■ **DATA RECORDS**
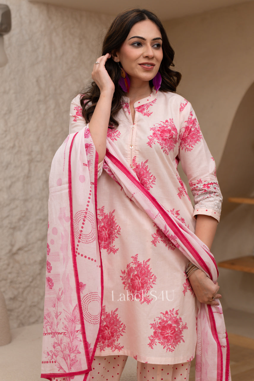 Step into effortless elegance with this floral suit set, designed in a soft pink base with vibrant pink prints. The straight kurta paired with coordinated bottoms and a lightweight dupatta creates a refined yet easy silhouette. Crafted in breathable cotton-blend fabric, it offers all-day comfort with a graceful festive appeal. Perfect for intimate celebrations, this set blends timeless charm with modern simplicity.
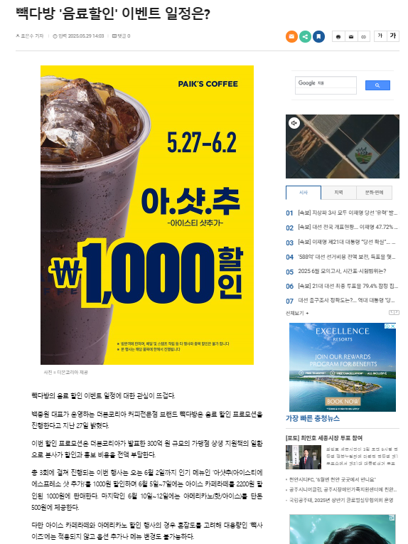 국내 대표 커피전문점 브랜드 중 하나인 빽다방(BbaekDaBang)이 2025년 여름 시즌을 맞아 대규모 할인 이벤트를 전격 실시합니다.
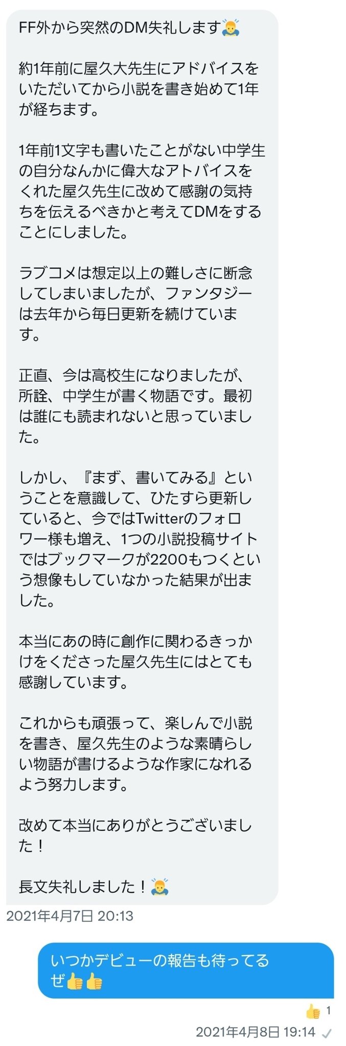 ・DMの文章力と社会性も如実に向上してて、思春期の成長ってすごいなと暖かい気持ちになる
--
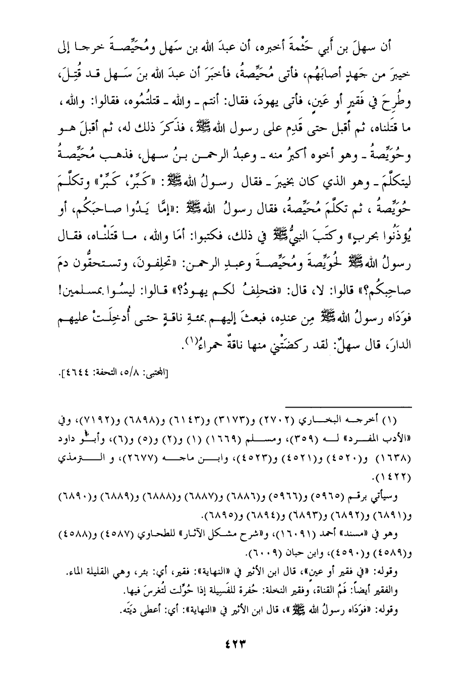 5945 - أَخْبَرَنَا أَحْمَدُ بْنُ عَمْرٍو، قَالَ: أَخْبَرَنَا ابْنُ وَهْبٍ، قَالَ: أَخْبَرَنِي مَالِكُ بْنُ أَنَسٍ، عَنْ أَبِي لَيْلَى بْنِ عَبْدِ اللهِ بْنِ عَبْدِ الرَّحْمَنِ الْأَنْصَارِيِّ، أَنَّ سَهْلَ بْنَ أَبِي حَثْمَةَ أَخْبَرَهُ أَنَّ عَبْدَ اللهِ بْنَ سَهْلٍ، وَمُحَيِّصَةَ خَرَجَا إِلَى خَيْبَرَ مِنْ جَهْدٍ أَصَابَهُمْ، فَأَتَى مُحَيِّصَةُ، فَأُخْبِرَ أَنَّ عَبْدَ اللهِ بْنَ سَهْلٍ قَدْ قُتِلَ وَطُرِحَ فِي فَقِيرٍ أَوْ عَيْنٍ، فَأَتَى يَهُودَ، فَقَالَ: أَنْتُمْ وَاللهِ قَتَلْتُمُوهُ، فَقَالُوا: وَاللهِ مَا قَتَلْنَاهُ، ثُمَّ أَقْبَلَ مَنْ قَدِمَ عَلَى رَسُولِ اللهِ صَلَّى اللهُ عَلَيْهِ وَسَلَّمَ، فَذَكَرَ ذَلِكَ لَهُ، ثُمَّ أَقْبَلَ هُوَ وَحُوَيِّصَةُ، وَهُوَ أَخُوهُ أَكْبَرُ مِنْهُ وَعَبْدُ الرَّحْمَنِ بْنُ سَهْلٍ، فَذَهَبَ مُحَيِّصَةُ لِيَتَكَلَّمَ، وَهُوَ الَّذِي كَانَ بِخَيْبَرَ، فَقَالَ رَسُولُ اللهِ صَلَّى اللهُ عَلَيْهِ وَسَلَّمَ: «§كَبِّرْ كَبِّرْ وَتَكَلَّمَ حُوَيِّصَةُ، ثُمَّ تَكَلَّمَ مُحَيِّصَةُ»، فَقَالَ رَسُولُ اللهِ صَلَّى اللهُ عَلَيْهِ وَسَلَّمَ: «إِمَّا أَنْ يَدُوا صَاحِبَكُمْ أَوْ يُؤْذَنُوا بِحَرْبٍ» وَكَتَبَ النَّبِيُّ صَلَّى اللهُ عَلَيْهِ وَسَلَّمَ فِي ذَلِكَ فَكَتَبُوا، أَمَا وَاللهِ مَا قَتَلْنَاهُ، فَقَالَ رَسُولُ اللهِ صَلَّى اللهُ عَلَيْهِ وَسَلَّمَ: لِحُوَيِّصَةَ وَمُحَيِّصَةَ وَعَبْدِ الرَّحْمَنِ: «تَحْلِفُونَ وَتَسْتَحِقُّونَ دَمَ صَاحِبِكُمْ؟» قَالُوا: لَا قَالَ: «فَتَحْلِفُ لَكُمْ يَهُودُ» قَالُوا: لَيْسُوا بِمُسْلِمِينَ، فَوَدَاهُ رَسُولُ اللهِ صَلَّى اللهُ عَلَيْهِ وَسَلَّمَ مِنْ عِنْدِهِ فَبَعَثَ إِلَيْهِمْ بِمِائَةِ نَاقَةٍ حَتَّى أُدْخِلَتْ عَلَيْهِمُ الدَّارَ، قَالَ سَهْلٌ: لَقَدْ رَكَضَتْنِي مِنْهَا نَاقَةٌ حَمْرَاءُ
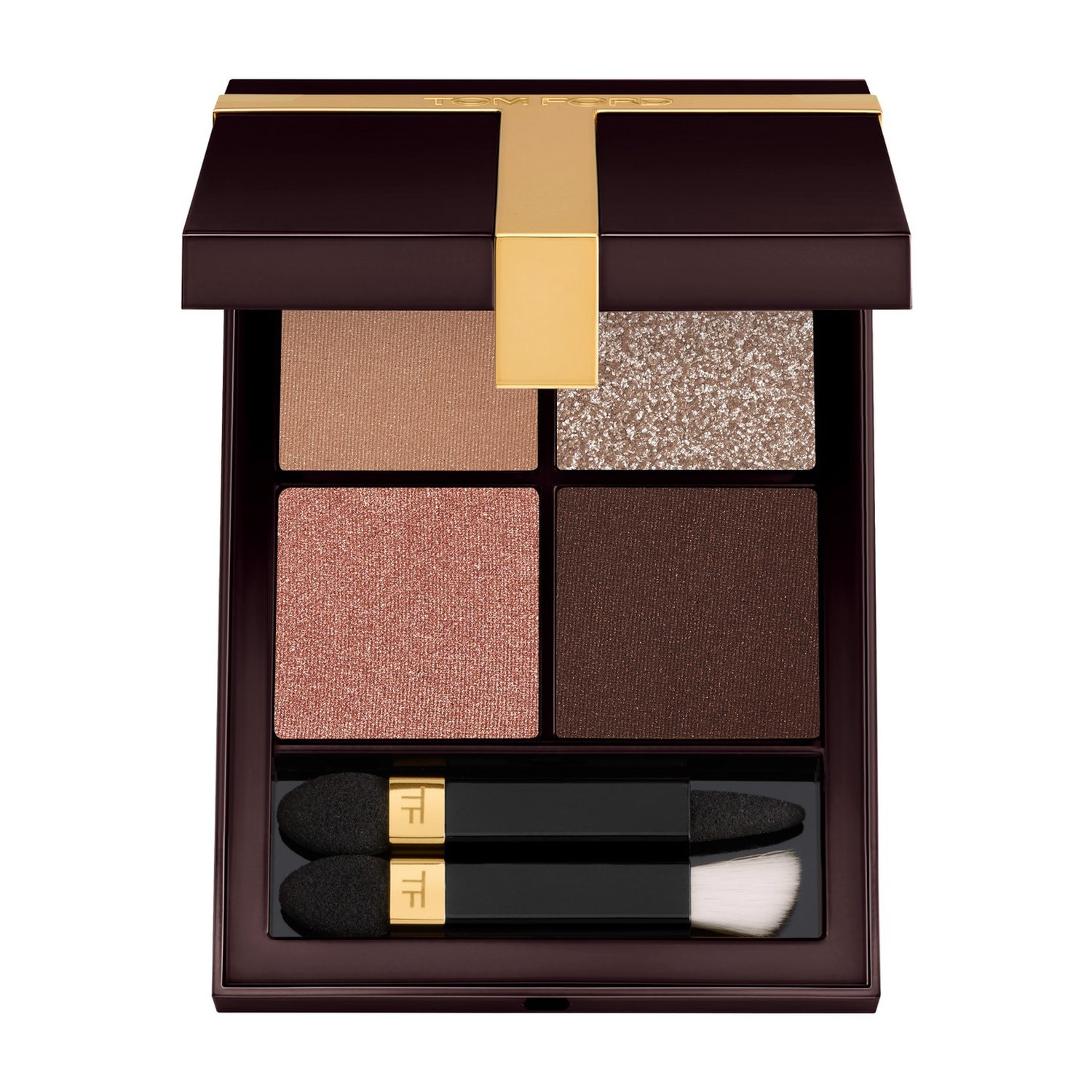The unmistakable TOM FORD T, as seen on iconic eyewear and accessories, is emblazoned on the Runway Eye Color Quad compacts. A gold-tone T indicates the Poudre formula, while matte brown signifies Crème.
==
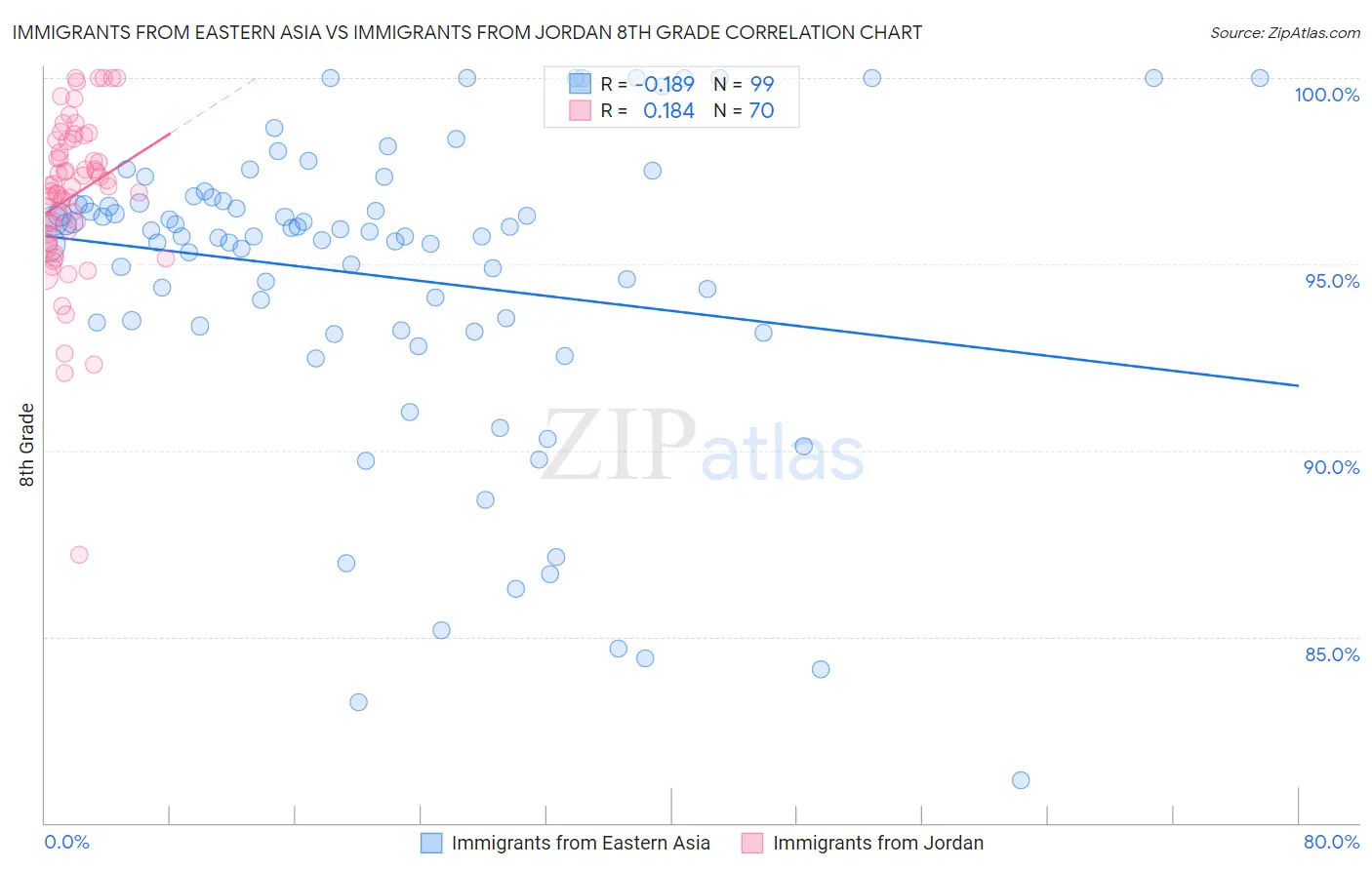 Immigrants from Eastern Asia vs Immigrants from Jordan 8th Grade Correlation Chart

■ **EXERCISE**
Within the listing above, the stretch from the line with "5945 - أَخْبَرَنَا" down to the line with "The unmistakable TOM" is to be given again exactly, end lines included and pictures excluded.

■ **EXERCISE ANSWER**
 5945 - أَخْبَرَنَا أَحْمَدُ بْنُ عَمْرٍو، قَالَ: أَخْبَرَنَا ابْنُ وَهْبٍ، قَالَ: أَخْبَرَنِي مَالِكُ بْنُ أَنَسٍ، عَنْ أَبِي لَيْلَى بْنِ عَبْدِ اللهِ بْنِ عَبْدِ الرَّحْمَنِ الْأَنْصَارِيِّ، أَنَّ سَهْلَ بْنَ أَبِي حَثْمَةَ أَخْبَرَهُ أَنَّ عَبْدَ اللهِ بْنَ سَهْلٍ، وَمُحَيِّصَةَ خَرَجَا إِلَى خَيْبَرَ مِنْ جَهْدٍ أَصَابَهُمْ، فَأَتَى مُحَيِّصَةُ، فَأُخْبِرَ أَنَّ عَبْدَ اللهِ بْنَ سَهْلٍ قَدْ قُتِلَ وَطُرِحَ فِي فَقِيرٍ أَوْ عَيْنٍ، فَأَتَى يَهُودَ، فَقَالَ: أَنْتُمْ وَاللهِ قَتَلْتُمُوهُ، فَقَالُوا: وَاللهِ مَا قَتَلْنَاهُ، ثُمَّ أَقْبَلَ مَنْ قَدِمَ عَلَى رَسُولِ اللهِ صَلَّى اللهُ عَلَيْهِ وَسَلَّمَ، فَذَكَرَ ذَلِكَ لَهُ، ثُمَّ أَقْبَلَ هُوَ وَحُوَيِّصَةُ، وَهُوَ أَخُوهُ أَكْبَرُ مِنْهُ وَعَبْدُ الرَّحْمَنِ بْنُ سَهْلٍ، فَذَهَبَ مُحَيِّصَةُ لِيَتَكَلَّمَ، وَهُوَ الَّذِي كَانَ بِخَيْبَرَ، فَقَالَ رَسُولُ اللهِ صَلَّى اللهُ عَلَيْهِ وَسَلَّمَ: «§كَبِّرْ كَبِّرْ وَتَكَلَّمَ حُوَيِّصَةُ، ثُمَّ تَكَلَّمَ مُحَيِّصَةُ»، فَقَالَ رَسُولُ اللهِ صَلَّى اللهُ عَلَيْهِ وَسَلَّمَ: «إِمَّا أَنْ يَدُوا صَاحِبَكُمْ أَوْ يُؤْذَنُوا بِحَرْبٍ» وَكَتَبَ النَّبِيُّ صَلَّى اللهُ عَلَيْهِ وَسَلَّمَ فِي ذَلِكَ فَكَتَبُوا، أَمَا وَاللهِ مَا قَتَلْنَاهُ، فَقَالَ رَسُولُ اللهِ صَلَّى اللهُ عَلَيْهِ وَسَلَّمَ: لِحُوَيِّصَةَ وَمُحَيِّصَةَ وَعَبْدِ الرَّحْمَنِ: «تَحْلِفُونَ وَتَسْتَحِقُّونَ دَمَ صَاحِبِكُمْ؟» قَالُوا: لَا قَالَ: «فَتَحْلِفُ لَكُمْ يَهُودُ» قَالُوا: لَيْسُوا بِمُسْلِمِينَ، فَوَدَاهُ رَسُولُ اللهِ صَلَّى اللهُ عَلَيْهِ وَسَلَّمَ مِنْ عِنْدِهِ فَبَعَثَ إِلَيْهِمْ بِمِائَةِ نَاقَةٍ حَتَّى أُدْخِلَتْ عَلَيْهِمُ الدَّارَ، قَالَ سَهْلٌ: لَقَدْ رَكَضَتْنِي مِنْهَا نَاقَةٌ حَمْرَاءُ
The unmistakable TOM FORD T, as seen on iconic eyewear and accessories, is emblazoned on the Runway Eye Color Quad compacts. A gold-tone T indicates the Poudre formula, while matte brown signifies Crème.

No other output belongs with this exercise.